The raison d'etre for CCS deployment is emissions elimination at very large scale in both the power and the industrial sector. The International Energy Agency (IEA) shows that CCS is expected to deliver about 7% of total emissions reductions by 2040, alongside all other sources of clean and renewable energy.
There is a big role for CCS to play in decarbonizing electricity supply — from both coal and gas-fired plants alongside and complementing increasing renewables deployment. The ongoing new build of both gas and coal-fired power plants to deliver reliable power grids around the world is incompatible with the Paris agreement targets. Applying CCS to many of these facilities will be necessary.
But CCS is more than a one-trick pony. The so-called ‘hard to decarbonize' sectors — industrial processes including fertilizer production, cement and steel — where electrification is not a solution — will require CCS. Industries like this account for a quarter of emissions globally. Despite the clear evidence, many continue to refuse CCS the clean energy label.
The most cited reason: CCS is unproven and too expensive. There are 43 large-scale facilities globally — 18 in operation, 5 under construction and 20 in various stages of development. Those in operation are capturing and permanently storing more than 33.3 mtpa of CO2 — roughly as much as the total emissions of Ecuador.
High cost is often touted as the reason behind CCS' failure to scale based on simplistic measurements such as the levelized cost of electricity (LCOE), which fails to reflect the cost of intermittent generation to the grid. Considering analyses that take into account the broader cost of mitigation — such as the IPCC AR5 — it becomes clear that achieving deep decarbonization is 138% more expensive without CCS.
While cost of more than $100/tonne of CO2 stored for a power plant sounds high, there are carbon capture applications, for example, on ethanol production, where it can be as low as $20/tonne of CO2 stored. CCS cost often depends on the purity of the CO2 waste stream. The higher the CO2 content, the less expensive it is to capture it.
As more facilities are being deployed, cost will come down, just as they did for solar and wind. Innovation will also help. In Texas, a new generation zero emissions natural gas plant is being tested and early results show it is competitive with conventional combined cycle generation.

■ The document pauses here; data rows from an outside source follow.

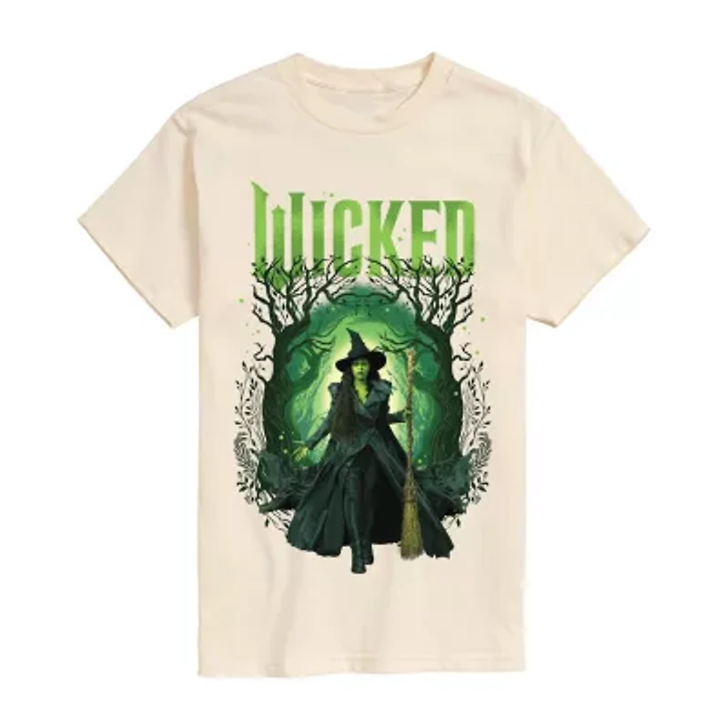 Wicked Shiz University Men's Big and Tall Short Sleeve Graphic T-Shirt - Show off your bold side with Wicked graphic apparel for men. Inspired by the hit musical, these tees feature striking designs of Elphaba, Glinda, and the world of Oz, blending dramatic style with a touch of rebellion—perfect for fans who like their fashion with a little magic and edge.
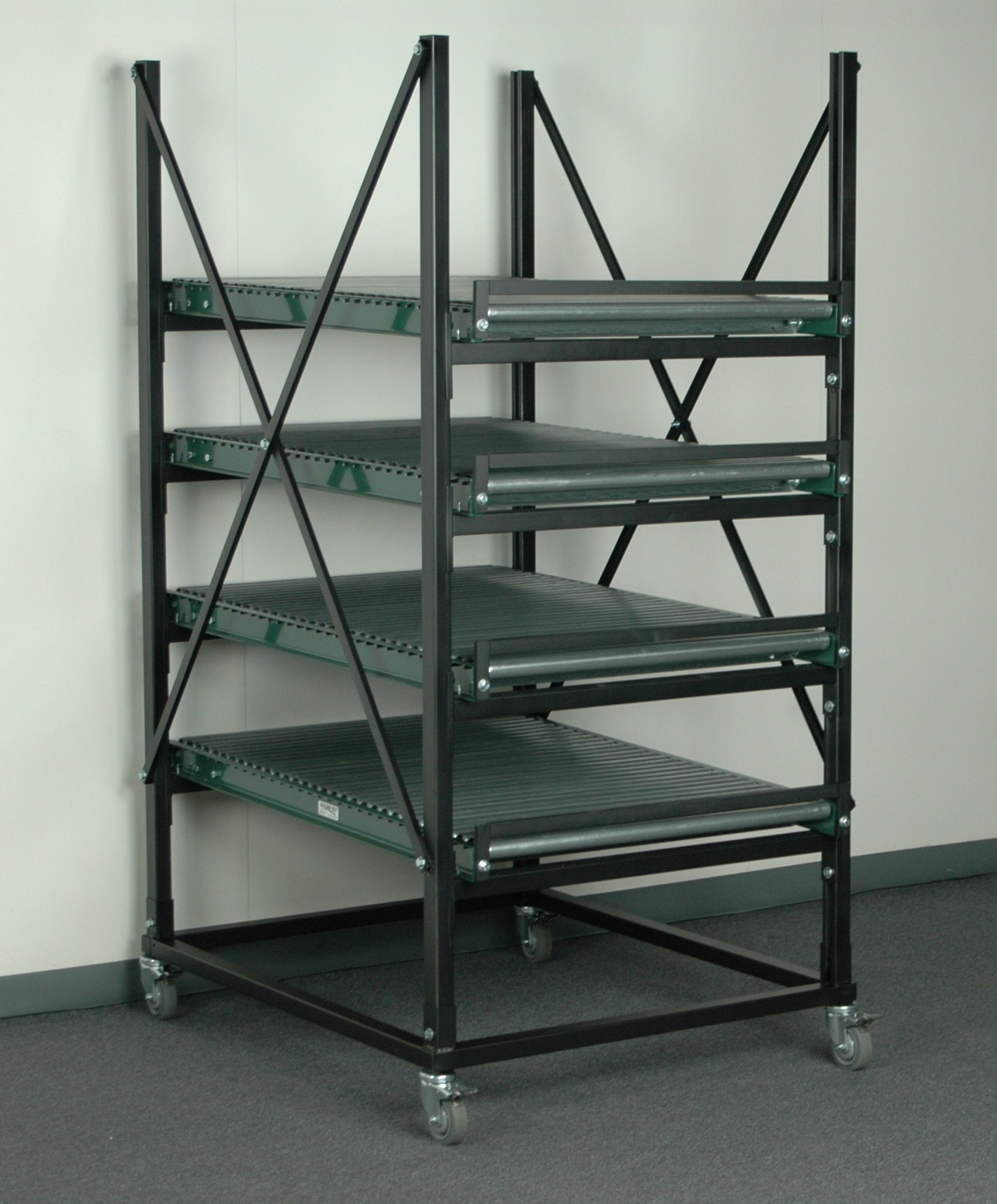 This mobile flow rack features four full levels of conveyor rollers, providing ample vertical storage space while keeping your heavy parts and inventory readily accessible and organized.
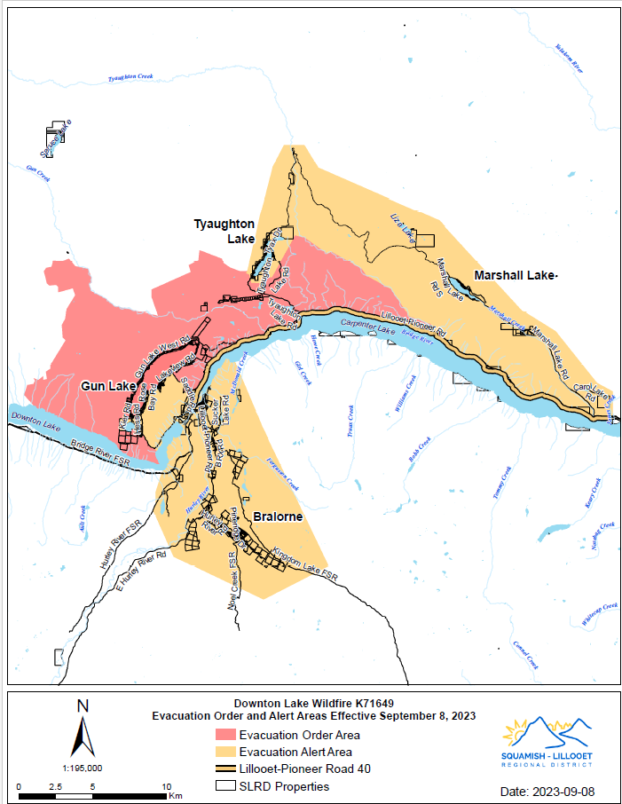 NOTE: Some properties on the east side of Gun Lake , Marshall Lake, Tyaughton Lake, Gold Bridge and Bralorne have been downgraded from Evacuation Order to Evacuation Alert. Please see the updated Evacuation Alert document issued September 8th, 2023 for more details.
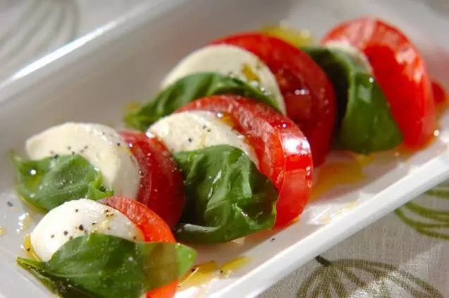 赤・白・緑の色合いが美しいカプレーゼ。おもてなしで喜ばれるイタリアンの前菜です。たっぷりのオリーブオイルを回しかけて、お皿にとりわけ食べる直前にトリュフ塩をかけると香りがたちます。
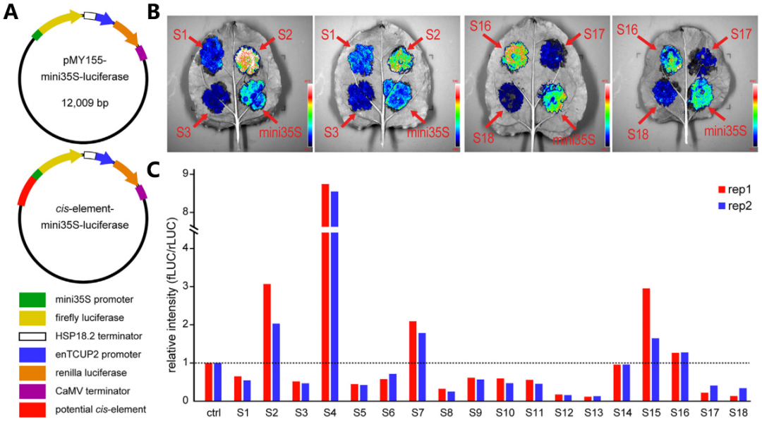 为了进一步验证类沉默子的转录抑制功能,研究者对18个类沉默子进行了双荧光素酶报告基因实验(Dual-LUC),具体是将这些元件构建到双荧光素酶报告载体pMY155中,然后将重组载体瞬时转染本氏烟草叶,仅携带mini 35S启动子的pMY155载体为阴性对照(图9A)。实验结果显示,18个类沉默子中有13个(72%)与35S启动子的对照相比,荧光素酶信号较低,表现出转录抑制活性(图9B、C)。这些结果进一步证实了H3K27me3关联的类沉默子的转录抑制功能。
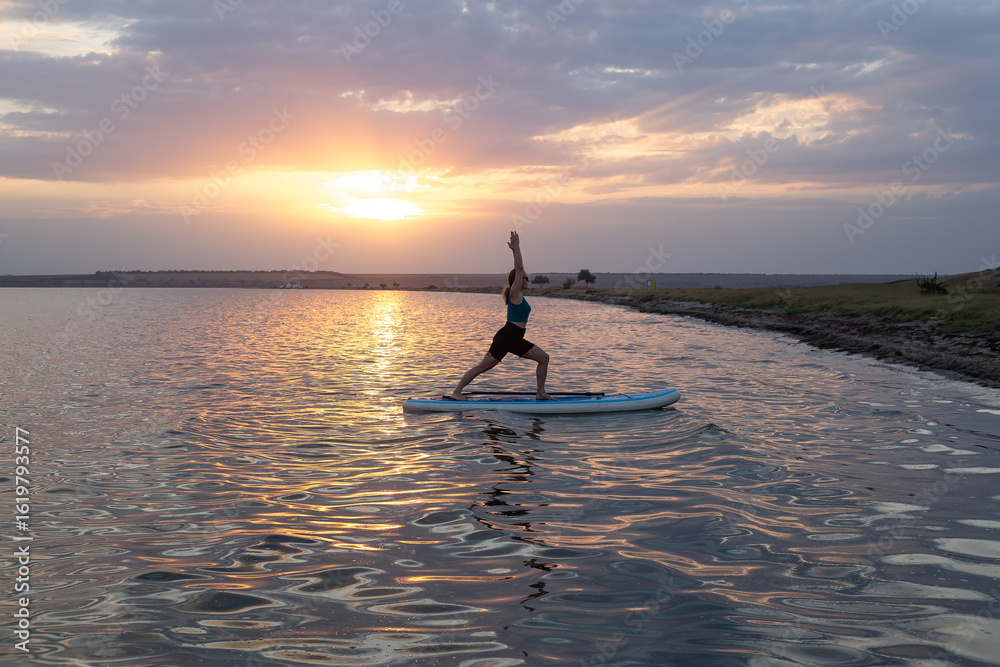 Woman practicing SUP yoga, meditating on a paddle board. Woman on sup board.
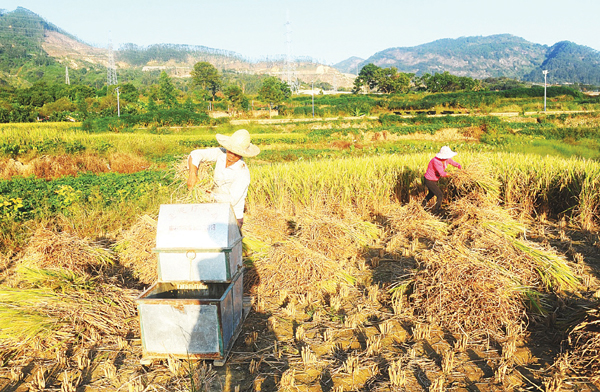 本报讯 连日来,在仙游县的赖店、龙华、榜头、鲤南、鲤城、大济、度尾等平原乡镇大片稻田里,到处是收割机、打谷机在忙碌地收割着,农民们不误农时季节,一边收割晚稻一边抓紧翻耕下种。稻田里,收割机轰响,打谷声阵阵,运载稻谷的车辆繁忙地奔跑在机耕道上,到处是人来人往,呈现出一派农家丰收的热闹景象。
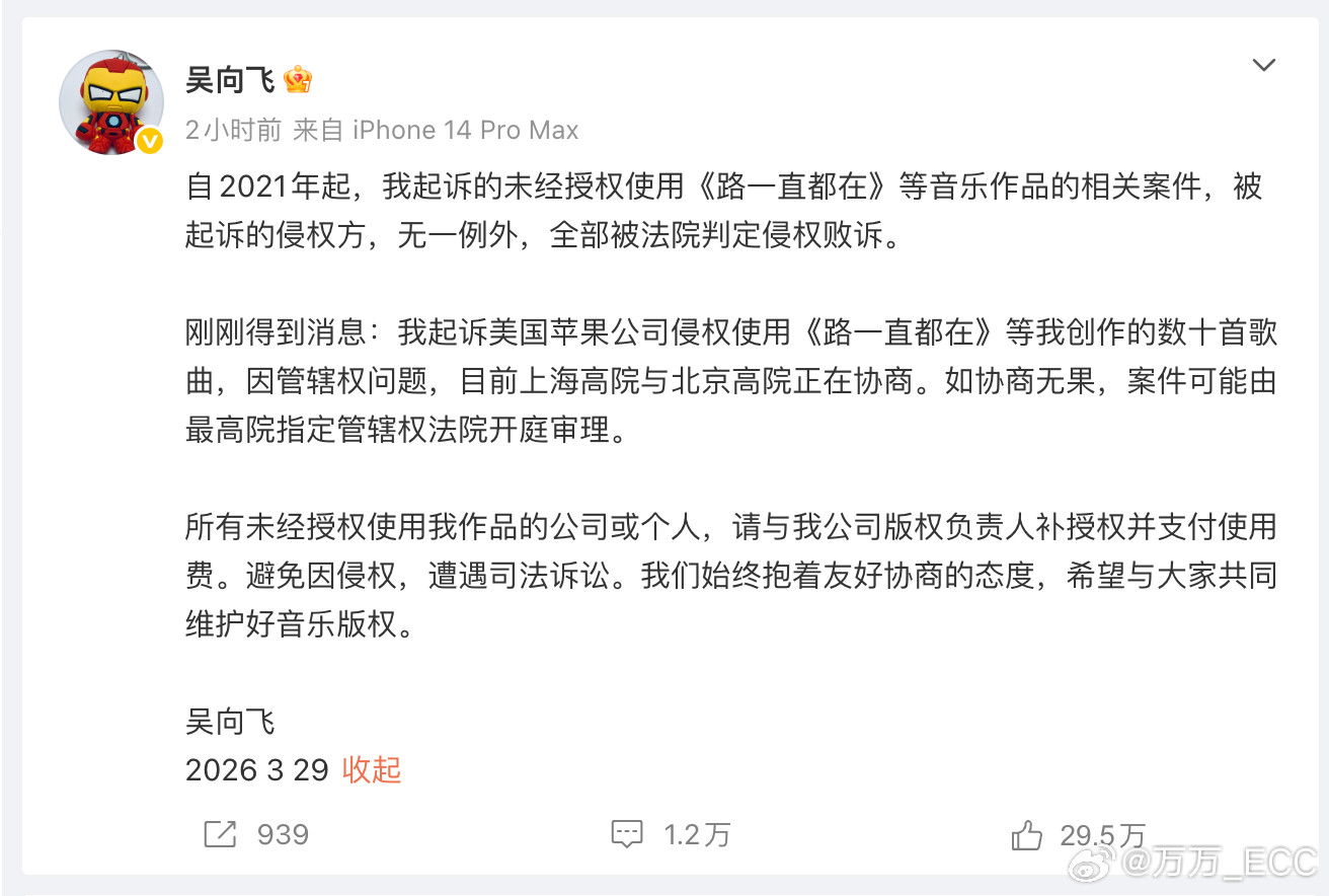 大概捋了一下,这位吴作词人认为李荣浩侵权唱了他的歌,但实际上这首歌是很多年前他为陈奕迅写的,版权应该属于陈奕迅公司也就是环球。
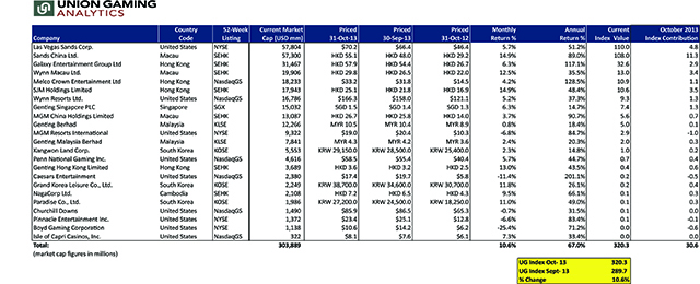 The UGA index for the period ending Oct. 31, 2013, was up 10.6 percents equentially to 320.3 from 289.7 at Sept. 30, 2013. As an illustrative example, if an investor bought $100,000 of the index on Sept. 30, 2013, the investment would hypothetically be worth $110,563 on Oct. 31, 2013. On a year-to-date basis, the UGA Index is up 70.1 percent.
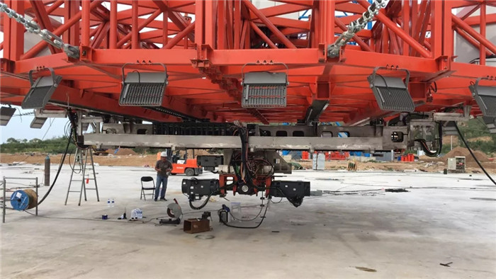 2019年7月初,“隨動盤”在武船集團重裝公司廟山基地順利完成組裝及檢測實驗,并立即拆分裝箱發(fā)往懷來?!半S動盤”上安裝的導(dǎo)軌平面度公差達到0.1mm、平行度公差達到0.15mm ,各項檢測數(shù)據(jù)滿足工藝精度及試驗要求。

The conclusion from this analysis is that the slow deployment of CCS is not a technology problem. Rather, it is a lack of clear and stable policy mechanisms that can drive the deployment through placing a value on carbon. The IEA has concluded that as much as 450 million tons of CO2 can be captured and stored with a commercial incentive as low as $40 per tonne of CO2.
In the U.S., legislators last year passed the reform of the 45Q tax credit, an incentive, which eventually will provide — pending implementation of the Internal Revenue Service — $35 for each ton of CO2 stored via enhanced oil recovery, and $50/tonne for geologic sequestration.
A recently released report estimates that the incentive can drive projects capturing as much as 100 mtpa of CO2. In the U.S. power sector specifically, experts estimate that about 49 mtpa of CO2 could be captured by 2030. While this is a step forward, it is far away from the global scale necessary, which models estimate at roughly 2000 mtpa of CO2 captured by 2040.
Discounting clean energy technologies beyond renewables while touting climate ambition equates to turning a blind eye to the realities of the energy transition. It also prevents us from advancing on the path towards decarbonization. Carbon capture is clean energy, too.